On March 21, 2012, the Oncologic Drugs Advisory Committee (ODAC) voted 7 to 4, with 2 abstentions, that evidence from clinical studies supports a favorable benefit/risk assessment for use of Marqibo(R) in the treatment of adult Philadelphia chromosome-negative (Ph-) acute lymphoblastic leukemia (ALL) in second or greater relapse or that has progressed following two or more lines of anti-leukemia therapy. The FDA has requested additional information unrelated to clinical trials regarding Marqibo. Talon has submitted responses to all outstanding requests. The FDA has informed Talon that in order to complete its review of the submitted information, the FDA has extended the Marqibo PDUFA date for 3 months.
"We will continue to work collaboratively with the FDA during this review process and will continue on-going label negotiations," stated Steven R. Deitcher MD, President, Chief Executive Officer and Board Member of Talon Therapeutics. "In addition, we will continue to conduct our Phase 3 confirmatory trial, which received Special Protocol Assessment agreement from the FDA, in front-line adult elderly ALL," Dr. Deitcher added.
About Marqibo(R) (vincristine sulfate liposome injection)
Marqibo is a novel, targeted Optisome(TM) encapsulated formulation product candidate of the FDA-approved anticancer drug vincristine. Talon is primarily developing Marqibo for the treatment of Ph- adult ALL. Vincristine, a microtubule inhibitor, is FDA-approved for ALL and is widely used as a single agent and in combination regimens for treatment for hematologic malignancies such as lymphomas and leukemias. Talon's encapsulation formulation is designed to provide prolonged circulation of the drug in the blood and accumulation at the tumor site. These characteristics are intended to increase the dose of vincristine delivered in a safe and effective manner.

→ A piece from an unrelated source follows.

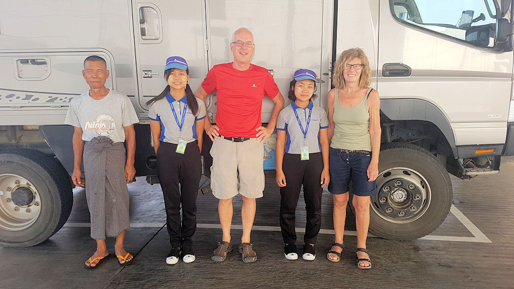 In Yangon sollten unsere Guides auch eine Werkstatt ausfindig machen,die unser Problem lösen sollte. Aber nichts war erledigt und so fuhren wir selbst zum FUSO-Service, der aber keine feste Werkstatt hat, sondern einen mobilen Service. Für morgen haben wir dann einen Termin ausgemacht am Hotel an dem wir stehen. Wir sind gespannt.

Talon has received orphan drug and fast track designations for Marqibo for the treatment of adult ALL from the FDA. Marqibo has also received orphan drug designation in adult ALL from the European Medicines Evaluation Agency.

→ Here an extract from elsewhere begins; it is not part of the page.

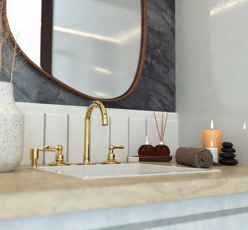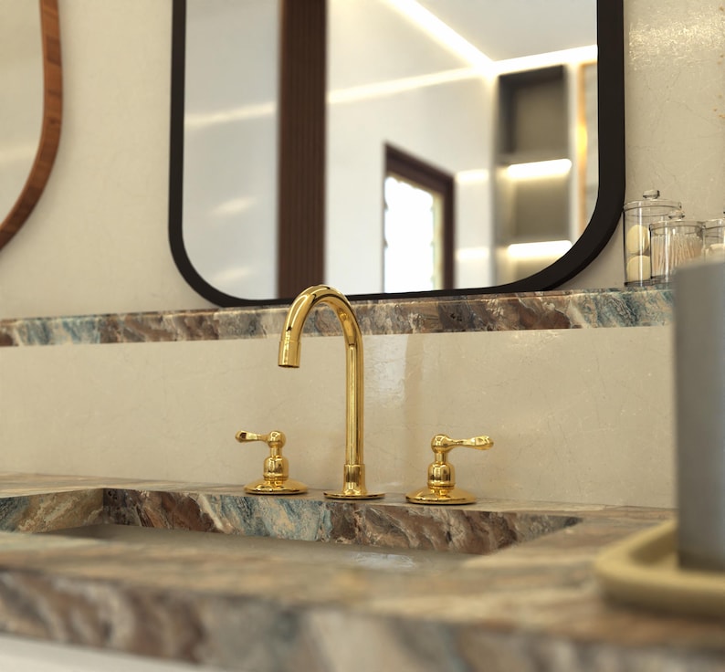 Unlacquered Solid Brass Bathroom Faucet, 3-Hole Deck Mount, Vintage Style

In addition to the Phase 3 confirmatory study of Marqibo in front-line adult elderly ALL, Marqibo is being evaluated in an on-going Phase 3 trial in front-line adult elderly aggressive non-Hodgkin's lymphoma conducted by the German High Grade Non-Hodgkin's Lymphoma Study group, and in a Phase 1 trial in pediatric cancers, including ALL, being conducted by the National Cancer Institute. A phase 2 trial of Marqibo in front-line adult ALL to be conducted by the M.D. Anderson Cancer Center is expected to begin enrolling in the third quarter of 2012.
About Talon Therapeutics
Talon Therapeutics, Inc. is a biopharmaceutical company dedicated to seizing upon medical opportunities, efficiently and expertly leading product candidates through clinical development, and transferring value to patients, patient care providers, shareholders, corporate partners, and employees.
In addition to Marqibo, the Company has additional pipeline opportunities some of which, like Marqibo, improve delivery and enhance the therapeutic benefits of well characterized, proven chemotherapies and enable high potency dosing without increased toxicity.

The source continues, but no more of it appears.